Tree pruning: I’d offered to prune my sister’s fruit trees, lop some branches off her sycamore and also cut down her buddleia, which has got rather out of control. I did the buddleia and Maggie’s trees and cut the wood up for her to burn in her fire, but as we were getting to the end of the job, Margaret said she could smell something burning – was the chainsaw OK. I thought it might have been sawdust in the cogs, but we’d finished anyway, so I put the machine away.

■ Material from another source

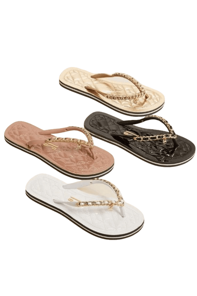 O Chinelo Santa Lolla Feminino Flip Flop Corrente 0106.0d67.09f1 é confeccionado em material sintético, garantindo leveza e durabilidade. Possui solado em borracha com design envernizado em matelassê, que une conforto e estilo. A tira grossa conta com detalhes em corrente, trazendo sofisticação ao visual. O formato flip flop facilita o calce, sem necessidade de fechamento. O logo Santa Lolla está discretamente aplicado, reforçando a marca. Ideal para passeios casuais, combina perfeitamente com shorts e camisetas, valorizando os pés e oferecendo um toque elegante ao look.

Next day, we started to prune the hornbeam at the bottom of our garden. There were a couple of large branches which were taking light away from the bottom decking, Maggie’s fruit trees and our blackcurrants. I got one branch down, but part-way through the chainsaw was enveloped in blue smoke and stopped mid-cut. It’s an electric chainsaw and I thought I’d had it less than two years so it might still be under guarantee, so put it in the car and went to Peterborough Grass Machinery in Ivatt Way where we’d bought it from.
I went into service reception to find the lad on the desk engaged with a game on his mobile. He was clearly at a crucial part because he avoided eye contact until I was standing right in front of him and even then it took a “good afternoon” to get his attention. I told him my problem; he said he didn’t know what to do, so he scuttled off into the back to bring the manager. It’s good there are still companies giving jobs to hopeless cases like him; with regular bollockings and steady guidance, he’ll be a useful employee in a few years.

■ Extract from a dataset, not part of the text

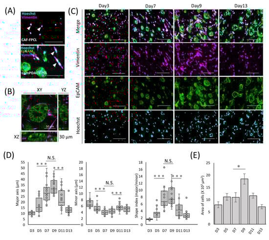 Differential morphological dynamics of CAFs within comPDAC-FPCL models. (A) Morphological comparison of CAF progenitors in the CAF-FPCL and comPDAC-FPCL models (Day 7). Capan-1 cells stained for epithelial cell adhesion molecule (EpCAM; Green), CAF progenitors stained for vimentin (Magenta), and nuclear stain for Hoechst (Cyan). Arrowheads indicate CAF progenitor morphologies. Scale Bar: 50 μm. (B) 3D imaging of the glandular structure of CAF-surrounded PDAC. Z: 30 μm. Scale Bar: 50 μm. (C) Dynamic changes in Capan-1 cell and CAF progenitor morphologies within the comPDAC-FPCL models. Scale Bar: 100 μm. (D) Dynamics of the quantitative value of CAF progenitors in the comPDAC-FPCL models. Shape Index indicates the ratio between the major and minor axis lengths. Results are presented as mean ± SD (n = 20). * p < 0.05, *** p < 0.001, N.S., not significant, unpaired Student’s t-test. (E) Dynamics of vimentin-positive cells in the mean cellular area. Results are presented as mean ± SD (n = 3). * p < 0.05, unpaired Student’s t-test.

PGM said they’d check to see when I bought it and if it was still under guarantee. They also said they’d talk to the manufacturer and call me in two weeks. Two weeks and one day later, I called them to see how things were going and they’d clearly forgotten. The manager said he’d call me back in 10 minutes, which he did (to my surprise). I’d bought the chainsaw two years and four months ago and it was out of warranty. It wasn’t worth repairing, but he’d spoken to the manufacturers and they said they’d supply a new one at cost price - £78.
I’d looked on the internet and you could buy a petrol chainsaw for £85, which might have seemed a better bet, but the problem is that I use a chainsaw so rarely that a petrol one is a faff to store. You’d have to drain it each time to stop the carb getting gummed up and they generally take an age to get started when they’re run just a couple of times a year. Electric ones can just be cleaned and stored and because I use mine only around the garden, I’m not worried about power supply. Anyway, I said go ahead and the new one will be ready in two weeks (everything seems to take two weeks at PGM).

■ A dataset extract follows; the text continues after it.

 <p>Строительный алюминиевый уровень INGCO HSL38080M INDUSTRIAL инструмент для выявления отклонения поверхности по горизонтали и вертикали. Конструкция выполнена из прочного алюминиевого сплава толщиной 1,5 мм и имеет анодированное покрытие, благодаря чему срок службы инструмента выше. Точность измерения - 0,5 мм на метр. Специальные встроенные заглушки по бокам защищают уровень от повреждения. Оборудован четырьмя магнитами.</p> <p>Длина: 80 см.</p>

In the meantime, I’d recruited Chris Coakley and his new petrol chainsaw to finish pruning the hornbeam. He’d got his chainsaw from Argos for £100 and it was a Qualcast (made in China, of course). We unpacked it, added oil, petrol and it fired up pretty quickly. After a bit of a puzzle sorting out the chain adjustment, we got the job done very quickly. Chris took the bigger logs for his woodburner and I kept the rest to use around the garden and in the chiminea next year. Hornbeam is good hard wood and it should burn well.
Fix hole in hedge: The hedge has become choked with ivy and starved of light under the acer brilliantissima, some hawthorn had died and some elderberry grown in its place so that a hole had formed. Last year, when I was cutting the hedge, I pulled out some dead wood and ivy, so the gap was now very obvious. I decided I’d try to fill the gap by stretching hawthorn and beech strands across from adjacent plants, also plug holes with pyracantha from the bottom. I planned to use hornbeam branches from my tree pruning to form a frame and temporary fence (to discourage Holly from nipping into the field).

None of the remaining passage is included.